→ Task description
Everything from the first line of the data below through the line that contains "Бежевий бомбер жіночий" should be written out exactly, please, and nothing more; the pictures stay out.

START Given data

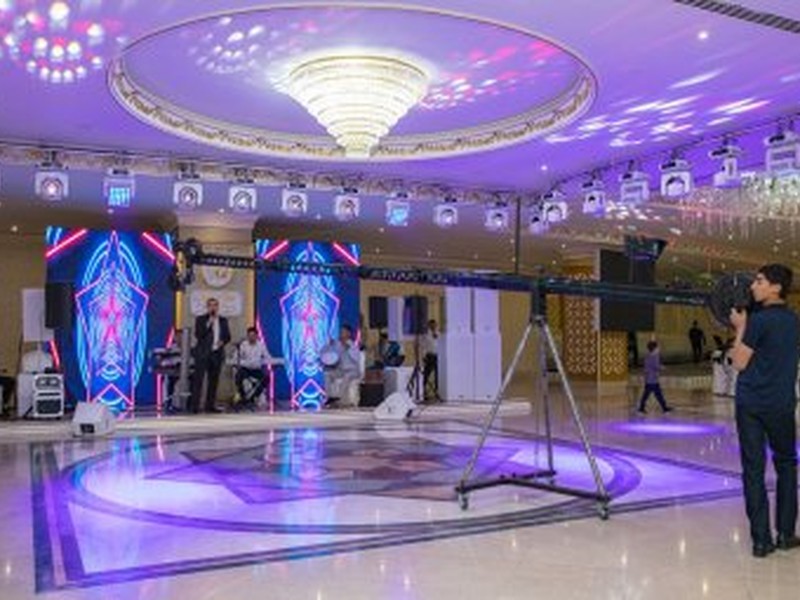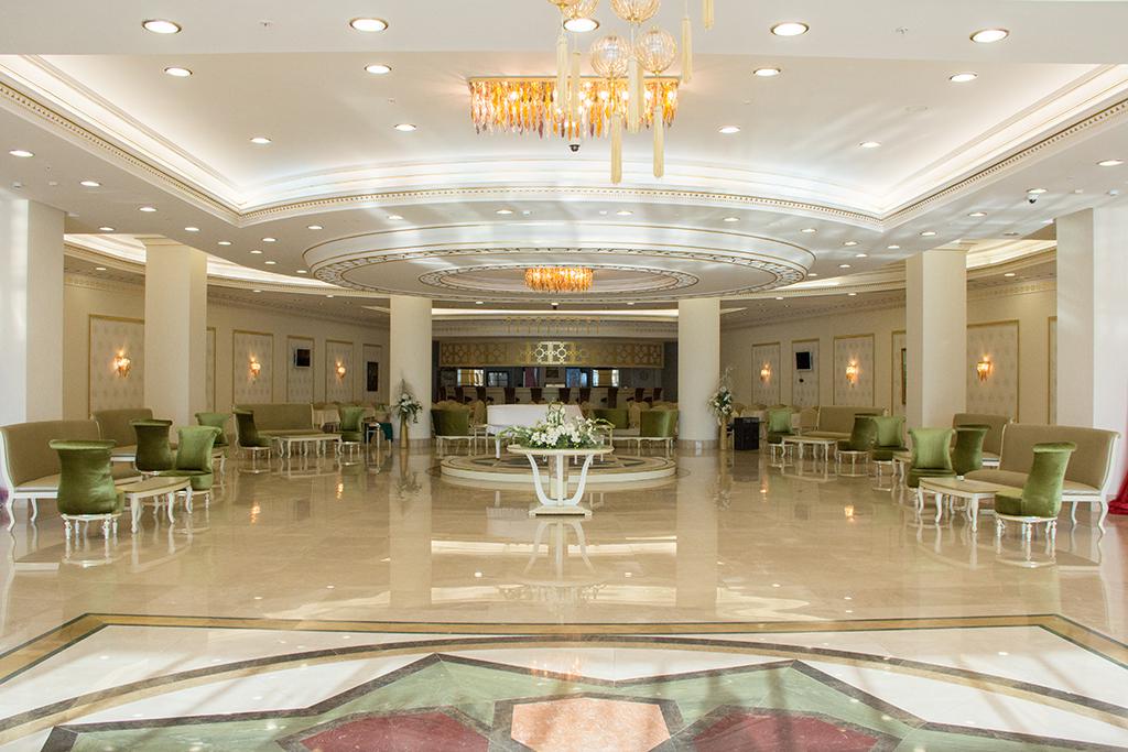 Свадебные залы расположены на 1-ом этаже Центра. В них созданы условия для проведения с широким размахом благородных традиций нашего народа как: садака, рождение ребенка, вручение подарков, свадеб и других торжественных празднеств
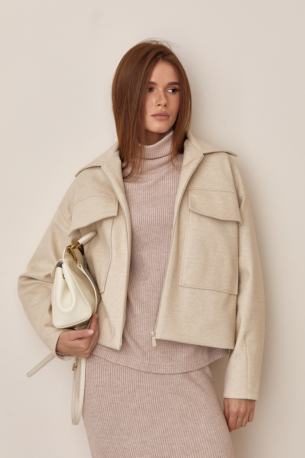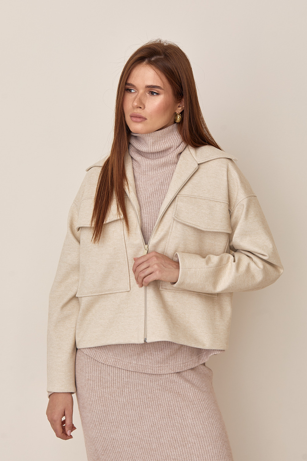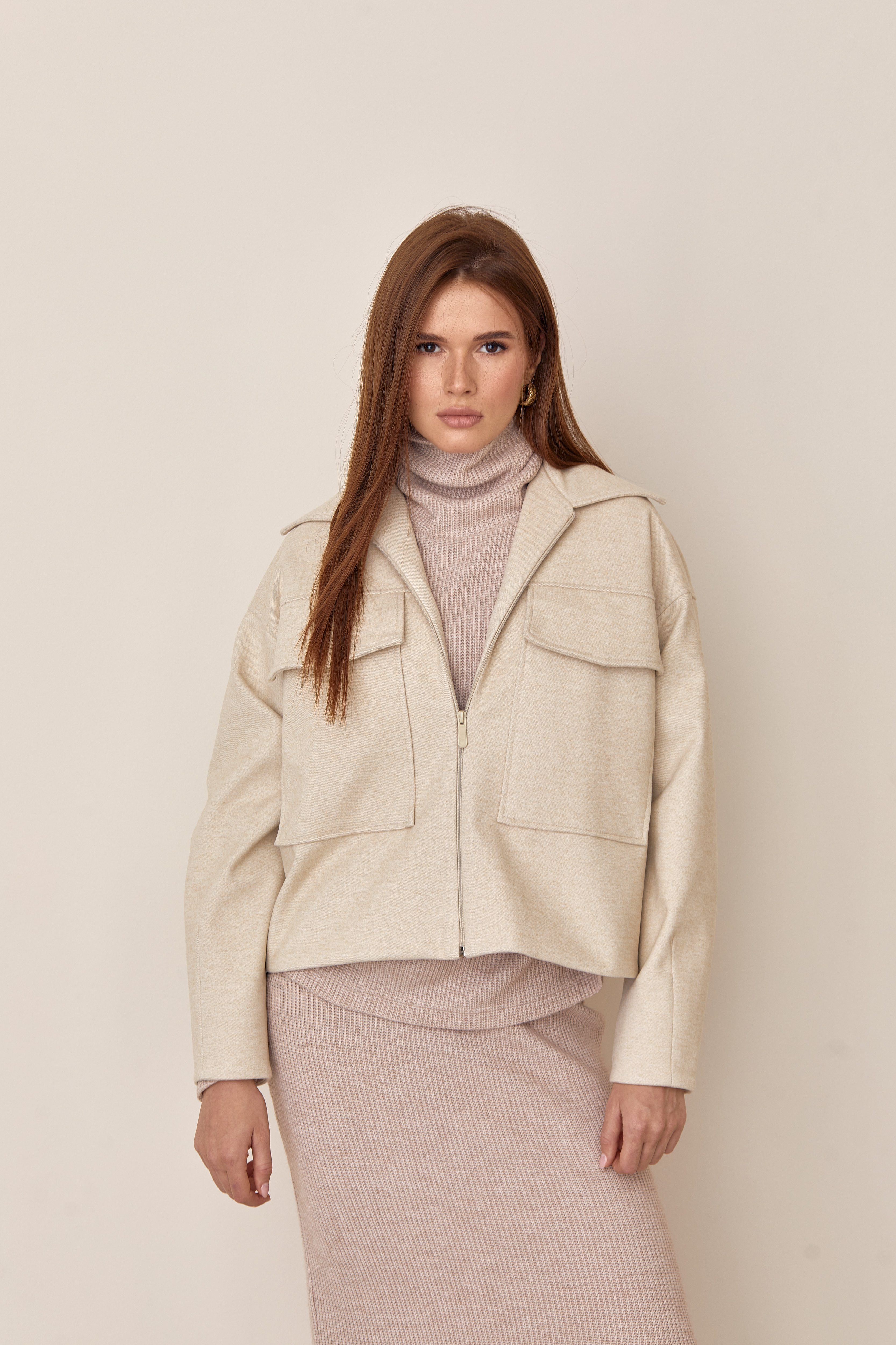 Бежевий бомбер жіночий ÁRTMON з накладними кишенями
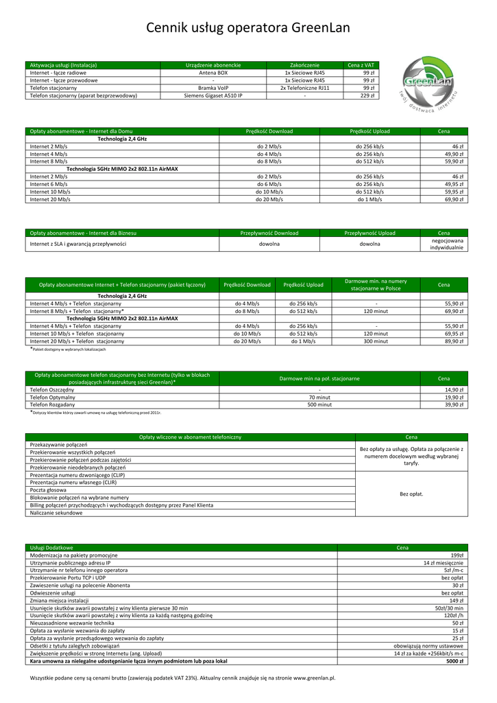 Cennik usług operatora GreenLan Aktywacja usługi (Instalacja) Internet - łącze radiowe Internet - łącze przewodowe Telefon stacjonarny Telefon stacjonarny (aparat bezprzewodowy) Urządzenie abonenckie Antena BOX Bramka VoIP Siemens Gigaset A510 IP Opłaty abonamentowe - Internet dla Domu Technologia 2,4 GHz Internet 2 Mb/s Internet 4 Mb/s Internet 8 Mb/s Technologia 5GHz MIMO 2x2 802.11n AirMAX Internet 2 Mb/s Internet 6 Mb/s Internet 10 Mb/s Internet 20 Mb/s Opłaty abonamentowe - Internet dla Biznesu Cena z VAT 99 zł 99 zł 99 zł 229 zł Prędkość Download Prędkość Upload do 2 Mb/s do 4 Mb/s do 8 Mb/s do 256 kb/s do 256 kb/s do 512 kb/s 46 zł 49,90 zł 59,90 zł do 2 Mb/s do 6 Mb/s do 10 Mb/s do 20 Mb/s do 256 kb/s do 256 kb/s do 512 kb/s do 1 Mb/s 46 zł 49,95 zł 59,95 zł 69,90 zł Przepływność Download Przepływność Upload dowolna dowolna Internet z SLA i gwarancją przepływności Opłaty abonamentowe Internet + Telefon stacjonarny (pakiet łączony) Zakończenie 1x Sieciowe RJ45 1x Sieciowe RJ45 2x Telefoniczne RJ11 - Cena Cena negocjowana indywidualnie Prędkość Download Prędkość Upload Darmowe min. na numery stacjonarne w Polsce do 4 Mb/s do 8 Mb/s do 256 kb/s do 512 kb/s 120 minut 55,90 zł 69,90 zł do 4 Mb/s do 10 Mb/s do 20 Mb/s do 256 kb/s do 512 kb/s do 1 Mb/s 120 minut 300 minut 55,90 zł 69,95 zł 89,90 zł Technologia 2,4 GHz Internet 4 Mb/s + Telefon stacjonarny Internet 8 Mb/s + Telefon stacjonarny* Technologia 5GHz MIMO 2x2 802.11n AirMAX Internet 4 Mb/s + Telefon stacjonarny Internet 10 Mb/s + Telefon stacjonarny Internet 20 Mb/s + Telefon stacjonarny *Pakiet dostępny w wybranych lokalizacjach Opłaty abonamentowe telefon stacjonarny bez Internetu (tylko w blokach posiadających infrastrukturę sieci Greenlan)* Telefon Oszczędny Telefon Optymalny Telefon Rozgadany *Dotyczy klientów którzy zawarli umowę na usługę telefoniczną przed 2011r. Darmowe min na poł. stacjonarne Cena 70 minut 500 minut Opłaty wliczone w abonament telefoniczny Przekazywanie połączeń Przekierowanie wszystkich połączeń Przekierowanie połączeń podczas zajętości Przekierowanie nieodebranych połączeń Prezentacja numeru dzwoniącego (CLIP) Prezentacja numeru własnego (CLIR) Poczta głosowa Blokowanie połączeń na wybrane numery Billing połączeń przychodzących i wychodzących dostępny przez Panel Klienta Naliczanie sekundowe Usługi Dodatkowe Modernizacja na pakiety promocyjne Utrzymanie publicznego adresu IP Utrzymanie nr telefonu innego operatora Przekierowanie Portu TCP i UDP Zawieszenie usługi na polecenie Abonenta Odwieszenie usługi Zmiana miejsca instalacji Usunięcie skutków awarii powstałej z winy klienta pierwsze 30 min Usunięcie skutków awarii powstałej z winy klienta za każdą następną godzinę Nieuzasadnione wezwanie technika Opłata za wysłanie wezwania do zapłaty Opłata za wysłanie przedsądowego wezwania do zapłaty Odsetki z tytułu zaległych zobowiązań Zwiększenie prędkości w stronę Internetu (ang. Upload) Kara umowna za nielegalne udostępnianie łącza innym podmiotom lub poza lokal Wszystkie podane ceny są cenami brutto (zawierają podatek VAT 23%). Aktualny cennik znajduje się na stronie www.greenlan.pl. Cena 14,90 zł 19,90 zł 39,90 zł Cena Bez opłaty za usługę. Opłata za połączenie z numerem docelowym według wybranej taryfy. Bez opłat. Cena 199zł 14 zł miesięcznie 5zł /m-c bez opłat 30 zł bez opłat 149 zł 50zł/30 min 120zł /h 50 zł 15 zł 25 zł obowiązują normy ustawowe 14 zł za każde +256kbit/s m-c 5000 zł Stawki za połączenia telefoniczne Połączenia wewnątrz sieci GreenLan Połączenia lokalne i między strefowe Połączenia do sieci komórkowych (za wyłączeniem sieci Play i Cyfrowy Polsat) Połączenia do sieci komórkowych (do sieci Play i Cyfrowy Polsat) Połączenia stacjonarne do Unii Europejskiej i USA Połączenia komórkowe Cały Świat Połączenia na nr 8xx 0 800 0 801 1 0 801 2 0 801 7 0 801 8 0 801 3 0 801 9 Cena 0,00 zł/min. 0,09 zł/min. 0,38 zł/min. 0,88 zł/min. od 0,11 zł/min. od 1,10 zł/min. Stawki za połączenia telefoniczne na nr specjalne Okres taryfikacyjny Sposób naliczania Ta, Tb bez opłat Cena Bez opłat Ta, Tb jednokrotnie 0,36zł Ta Tb T1 T2 T3,T4 za każde rozpoczęte 3 min połączenia za każde rozpoczęte 6 min połączenia 0,36zł 0,49zł 0,49zł 0,37zł 0,24zł Ta, Tb Za każdą rozpoczętą minutę połączenia 0 804 2 Ta Tb Ta, Tb 00800 Ta, Tb 118913 Ta, Tb za każde rozpoczęte 3 min połączenia za każde rozpoczęte 6 min połączenia za każdą rozpoczętą 1 minutę połączenia za każdą minutę połączenia, naliczanie sekundowe jednokrotnie 0 801 4 0 801 0 0 801 5 0 801 6 0 804 1 za minutę połączenia 0,36zł 0,36zł 0,36zł 0,14zł 1,43zł Okresy taryfikacyjne: T1 - w godzinach od 8:00 do 18:00 w dni robocze T2 - w godzinach od 8:00 do 18:00 w soboty, niedziele i dni świąteczne T3 - w godzinach od 18:00 do 8:00 w dni robocze T4 - w godzinach od 18:00 do 8:00 w soboty, niedziele i dni świąteczne Ta - w godzinach od 8:00 do 22:00 we wszystkie dni tygodnia Tb - w godzinach od 22:00 do 8:00 we wszystkie dni tygodnia Cennik urządzeń dostępowych Router 802.11 b/g/n 150Mb/s Router 802.11 b/g/n 300Mb/s Router Ubiquiti AirRouter Router AirLive G.Duo Karta Sieciowa PCI Fast Ethernet Swich 5 port Swich 8 port Kabel UTP kat.5e (skrętka) Kabel RF5 Końcówka RP-SMA Cena Wymiana urządzeń uszkodzonych z winy użytkownika (rzeczywisty koszt urządzeń) Ubiquiti Bullet2 Ubiquiti Bullet2 HP Ubiquiti Nano Station2 Loco Ubiquiti Nano Station M5 Ubiquiti Nano Station M5 Loco Ubiquiti Nano Bridge M5 MikroTik Karta PCI WiFi Bramka VoIP Grandstream HT502 Bramka VoIP Linksys PAP2T Bramka VoIP Linksys SPA-2102 Antena Panel 2,4GHz 8dBi Antena Panel 2,4GHz 14dBi Antena Panel 2,4GHz 19dBi Antena Grid 2,4GHz 19dBi Antena Grid 2,4GHz 24dBi Antena Panel 5GHz 18dBi Antena Panel 5GHz 23dBi Cena Wszystkie podane ceny są cenami brutto

END Given data

→ Solution for this task
 Свадебные залы расположены на 1-ом этаже Центра. В них созданы условия для проведения с широким размахом благородных традиций нашего народа как: садака, рождение ребенка, вручение подарков, свадеб и других торжественных празднеств
 Бежевий бомбер жіночий ÁRTMON з накладними кишенями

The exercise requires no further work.